Soon, this collection of sad, lone wolves will find themselves considering whether circumstances might force them into forming a little pack of misfit toys. The downside of juggling so many characters is that the script takes some shortcuts in the rush to introduce a new super-powered adversary. But it’s an appealing enough group, and the talent’s there to paper over storytelling deficiencies. The film’s success relies entirely on Florence Pugh, but she’s surrounded by an appealing cast of good actors who are game for whatever’s required of them. Even when her schemes don’t entirely make sense, Dreyfuss has plenty of fun as a smarmy schemer who’s used to being a half-step ahead and always willing to improvise. David Harbour has a good time clowning it up as a washed-up dad who’s hungry for attention and a third act. Sebastian Stan has done enough of these movies — at one point competing that it all must feel like ancient history — that his Bucky’s world-weary heroism feels well-earned and a welcome distraction from his new congressional homework assignments.

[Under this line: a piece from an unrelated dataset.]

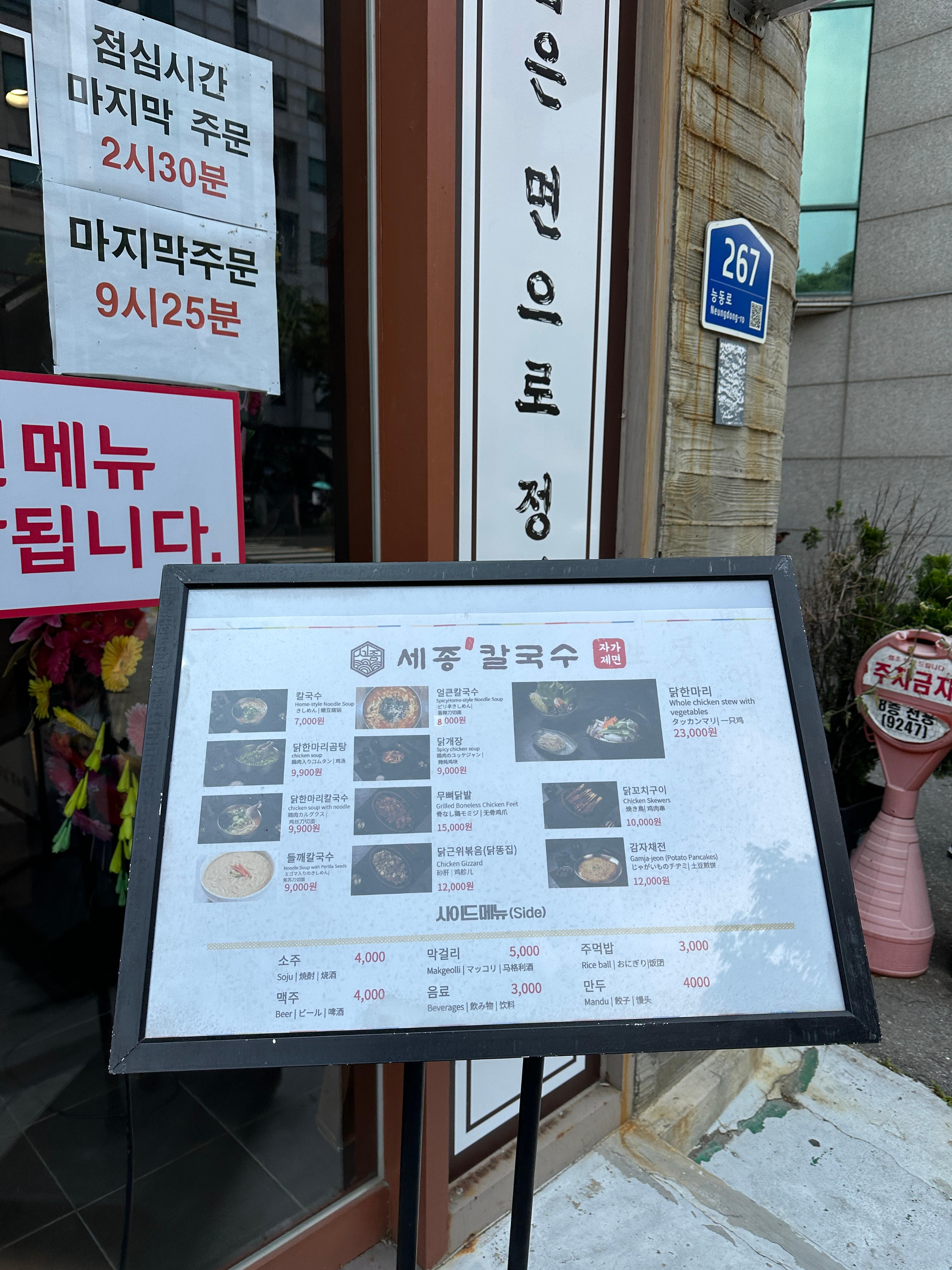 3. 세종칼국수 군자본점 메뉴판 및 영업시간

Staging much of the action on real sets rather than green-screened soundstages lends credibility to both the action and keeps the growing camaraderie among the cast grounded in a human scale. Still, one could wish that the studio would invest some of its vast sums in top-end stunt coordination to elevate the set pieces beyond functional to truly breathtaking. With that said, it’s a tremendous relief that the final showdown strays from the too-frequent template of masked heroes dueling in a CGI wonderland with the fate of the Universe hanging in the balance (don’t worry, there’s still a laughable number of New Yorkers with the inability to dodge traffic). At this point, we’re grading on a very generous curve, but situating the primary confrontation with a level of interiority and emotional stakes is a welcome differentiation from an everything-goes-boom aesthetic.
Despite the requisite amount of plot drivel and franchise-building, Florence Pugh manages, over and over again, through pure force of will to establish Yelena as a multi-dimensional character worth caring about. That the emotional crux of the film turns on a father-daughter conversation conducted in very silly Russki accents is part of the game. That it’s so effective is a tribute to the depths that she’s willing to bring to the character. Her efforts are emblematic to the films willing to dial in to a human scale.

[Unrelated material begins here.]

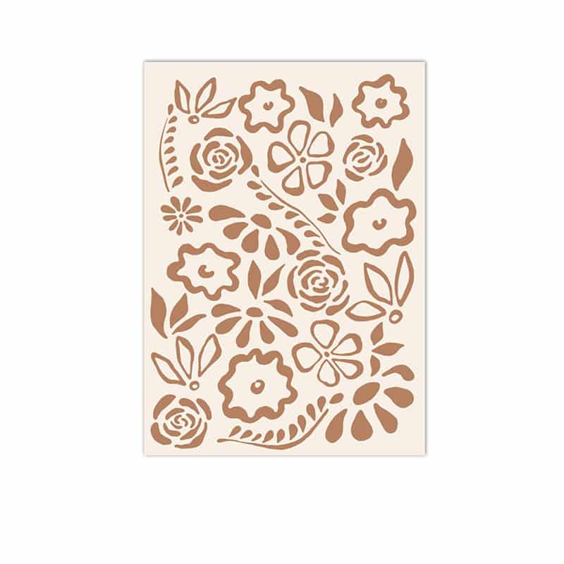 ブラウンラインで花や葉のモチーフを描いた、

By the time the story’s wrapping up, Yelena’s facial expression again echoed my sentiment: we might be stuck with this gang for the long haul, but there’s a decent chance that it could be entertaining. In its necessity to set up the next big thing, the ending is far from perfect, but it rights the sinking ship enough to pique my interest at the prospect of returning for the next one. Even if that isn’t saving the universe, it still has to count for something.
Thunderbolts* arrives in theaters on May 2nd
1 If we’re ranking post-Endgame, I’d rate it above everything but Guardians of the Galaxy volume 3 and any Spider-Men or Spider-verses (which are still technically Sony co-productions).